Settlement Report | Vol. 20 No. 1 | January-February 2010

On the Settlement Moratorium and East Jerusalem

If you want to get 60 percent, do you begin by asking for 60 percent? . . . So what we got was—what we got was a moratorium, ten months, far less than what was requested, but more significant than any action taken by any previous government of Israel for the 40 years that the settlement enterprise has existed: ten months of no new starts in the West Bank, less than what we asked, much, much greater than any prior government has done. And we think over time it’s going to make a significant difference on the ground. . . .

The Israelis are not going to stop settlements in or construction in East Jerusalem. They don’t regard that s a settlement because they think that it’s part of Israel.

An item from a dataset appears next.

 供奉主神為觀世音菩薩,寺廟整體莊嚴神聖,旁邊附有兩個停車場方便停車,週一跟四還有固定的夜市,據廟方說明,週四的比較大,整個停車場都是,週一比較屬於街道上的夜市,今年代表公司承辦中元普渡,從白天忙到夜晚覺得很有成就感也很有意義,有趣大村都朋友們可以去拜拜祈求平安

Settlements and the June 1967 Border


There is no doubt that [the settlements will have made a difference in terms of the way the final borders are determined]. That’s just a reality that’s going to have to be dealt with. You can ask wishfully that things might be as you’d like them to be, or you deal with them as they are, and I think we have to deal with them as they are, but there will be adjustments with swaps, and what I believe is that we can get an agreement on that once we get them in negotiations. I think here Charlie, the harder part is getting started than getting finished.

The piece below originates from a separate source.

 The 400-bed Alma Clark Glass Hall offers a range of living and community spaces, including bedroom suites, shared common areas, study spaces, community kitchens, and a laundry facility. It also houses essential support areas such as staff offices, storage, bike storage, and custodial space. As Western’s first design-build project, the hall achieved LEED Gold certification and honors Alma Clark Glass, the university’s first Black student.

The Structure of Negotiations

What we want is a parallel process as the Israelis and the Palestinians talk in negotiations, Israel, the Palestinians and all of the surrounding countries would meet to deal with regional issues, energy, water, trade, communications, transport, all of which have been discussed in the past but haven’t been brought to full fruition. And we think the way to move forward is an Israeli-Palestinian agreement, Israel and Syria, Israel and Lebanon, and full implementation of the Arab peace initiative. That’s the comprehensive peace in the region that is the objective set forth by the president and the Secretary of State. . . .

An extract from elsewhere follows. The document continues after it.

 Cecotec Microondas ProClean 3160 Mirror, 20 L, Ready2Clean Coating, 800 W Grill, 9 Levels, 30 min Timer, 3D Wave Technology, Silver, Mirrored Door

We’re going to tell them that we think the time has come to enter negotiations and that we think—we will lay out what we think is a proper basis for doing so, a timeframe for achieving agreement, a method for negotiating that we think will achieve the desired. . . .

A Hamas-Israel Prisoner Exchange

Well, that will not build confidence with the Palestinian Authority because it will, in fact, be seen as a validation of Hamas’ tactics, which is violence resistance. . . . It does send the message that their violent resistance has paid off. And of course it will lead others around the world to seek more hostages. . . . But what we think is that there should also be actions taken with respect to the Palestinian Authority, which believes in peaceful negotiation. And that’s the approach that ought to be rewarded.

The U.S. Commitment

So we’re making an intense effort to demonstrate that we are committed to this process. And let me make clear, when we get into a negotiation, we’re going to be involved in an active, sustained and determined way, to try to encourage the parties to reach what I believe is an agreement that is possible. . . . we think the way to approach this is to try to persuade the parties what is in their self interests. And we think that we are making some progress in that regard, and we are going to continue in that effort and we think the way to do that is to get them into negotiations. . . .

There is no entity on the face of this Earth, other than the United States government, no public or private entity, that can create the context within which an agreement is possible and most importantly can ensure, to the extent humanly possible, that full implementation will occur. And that requires a president and a Secretary of State who are committed and determined. And believe me, we have them now.